Most of the data files used in this script are automatically downloaded from their sources (using Python's `requests` or Pandas's `read_excel`).

The data file sources:

- Balancing Authority Areas
    - U.S. Energy Atlas ([.html](https://atlas.eia.gov/datasets/09550598922b429ca9f06b9a067257bd_255/explore))
- U.S. Census Tracts
    - U.S. Census Bureau TIGER Cartographic Boundary Files at 500k resolution (based on census year global parameter)
        - 2020 ([.zip](https://www2.census.gov/geo/tiger/GENZ2020/shp/cb_2020_us_tract_500k.zip))
- U.S. Counties
    - U.S. Census Bureau TIGER Cartographic Boundary Files at 500k resolution (based on census year global parameter)
        - 2020 ([.zip](https://www2.census.gov/geo/tiger/GENZ2020/shp/cb_2020_us_county_500k.zip))
- U.S. States
    - U.S. Census Bureau TIGER Cartographic Boundary Files at 500k resolution (based on census year global parameter)
        - 2020 ([.zip](https://www2.census.gov/geo/tiger/GENZ2020/shp/cb_2020_us_state_500k.zip))
- Coal Basins
    - EIA.gov ([.zip](https://www.eia.gov/maps/map_data/cbm_4shps.zip))
- Electricity Market Module Regions
    - EIA.gov ([.html](https://www.eia.gov/outlooks/aeo/additional_docs.php))
- NERC Subregions
    - EIA ([.html](https://services1.arcgis.com/Hp6G80Pky0om7QvQ/arcgis/rest/services/NERC_Regions/FeatureServer/0/)) 
- Natural Gas Basins
    - EPA's Office of Air and Radiation (OAP) and Office of Atmospheric Protection (OAP) ([.zip](https://edg.epa.gov/data/Public/OAR/OAP/Basins_Shapefile.zip)) 

# Methods

In [None]:
# Import required packages, globals, and methods
import os
import re

import matplotlib.pyplot as plt
import pandas as pd
import numpy as np

import regionalizer as rlyr

In [None]:
# Setup inline matplotlib plotting parameters
%matplotlib inline

In [None]:
# Set up the logger for convenience, as there are logging statements
# throughout the code to tell us what's going on.
logger = rlyr.get_logger()

In [None]:
# Show starting and ending region options.
rlyr.show_start_extents()

In [None]:
rlyr.show_end_extents()

## Runtime

Here, we can read and/or create the conversion matrices from our starting spatial extent&mdash;such as balancing authorities ('BA'), coal basins ('CB'), or natural gas basins ('NG')&mdash;to census tract.
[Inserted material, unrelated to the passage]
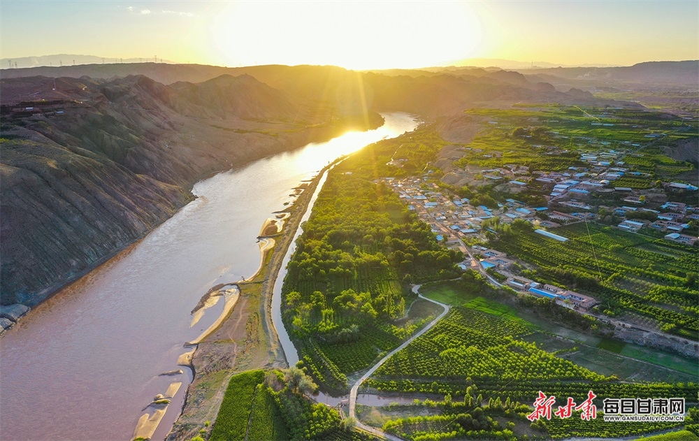 夏日,夕陽(yáng)西下,黃河在景泰五佛鄉(xiāng)境內(nèi)的車(chē)木峽繞了個(gè)大大的彎,位于黃河峽谷中的 車(chē)木峽山村高山環(huán)繞,周?chē)浅善臉?shù)林,廣袤的田野閃耀著瑰麗的色彩,靜靜地躺在綠色的懷抱之中。

The weighting options are 'A' for areal and 'Eq' for equal.
Use 'US' as the state to run for the whole U.S.

In [None]:
print("Census year:", rlyr.CENSUS_YEAR)
print("BA year:", rlyr.BA_YEAR)

In [None]:
M, codes, cen_codes = rlyr.get_m(start_extent='BA', end_extent='CT', weighting='A', state='US')

## Testing

The conversion algorithm is:

$$
c = a \times M
$$

where `a` is a vector of our input geometry's attributes (e.g., GWP amounts for balancing authorities), `M` is our conversion matrix, and `c` is the vector of our input geometry's attributes converted to census tract areas.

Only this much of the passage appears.